Records to process.

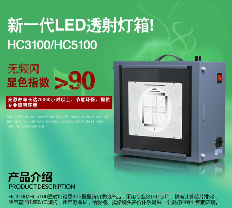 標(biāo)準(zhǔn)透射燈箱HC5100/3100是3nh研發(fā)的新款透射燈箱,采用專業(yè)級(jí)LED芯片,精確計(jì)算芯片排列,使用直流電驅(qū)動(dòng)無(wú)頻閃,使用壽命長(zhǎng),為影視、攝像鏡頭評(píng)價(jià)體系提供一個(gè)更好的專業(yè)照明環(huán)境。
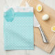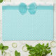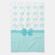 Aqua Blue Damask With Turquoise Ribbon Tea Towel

* * *

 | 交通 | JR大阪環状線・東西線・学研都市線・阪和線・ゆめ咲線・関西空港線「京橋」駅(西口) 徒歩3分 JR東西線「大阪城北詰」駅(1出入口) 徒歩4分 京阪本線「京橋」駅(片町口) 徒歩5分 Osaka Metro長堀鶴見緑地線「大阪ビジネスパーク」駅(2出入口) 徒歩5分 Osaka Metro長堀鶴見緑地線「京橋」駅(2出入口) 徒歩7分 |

Task. Pictures are to be left out. Write out only the lines above starting at the one with "標(biāo)準(zhǔn)" and ending at the one with "Aqua Blue Damask", both lines included, exactly.

Written answer.
 標(biāo)準(zhǔn)透射燈箱HC5100/3100是3nh研發(fā)的新款透射燈箱,采用專業(yè)級(jí)LED芯片,精確計(jì)算芯片排列,使用直流電驅(qū)動(dòng)無(wú)頻閃,使用壽命長(zhǎng),為影視、攝像鏡頭評(píng)價(jià)體系提供一個(gè)更好的專業(yè)照明環(huán)境。
 Aqua Blue Damask With Turquoise Ribbon Tea Towel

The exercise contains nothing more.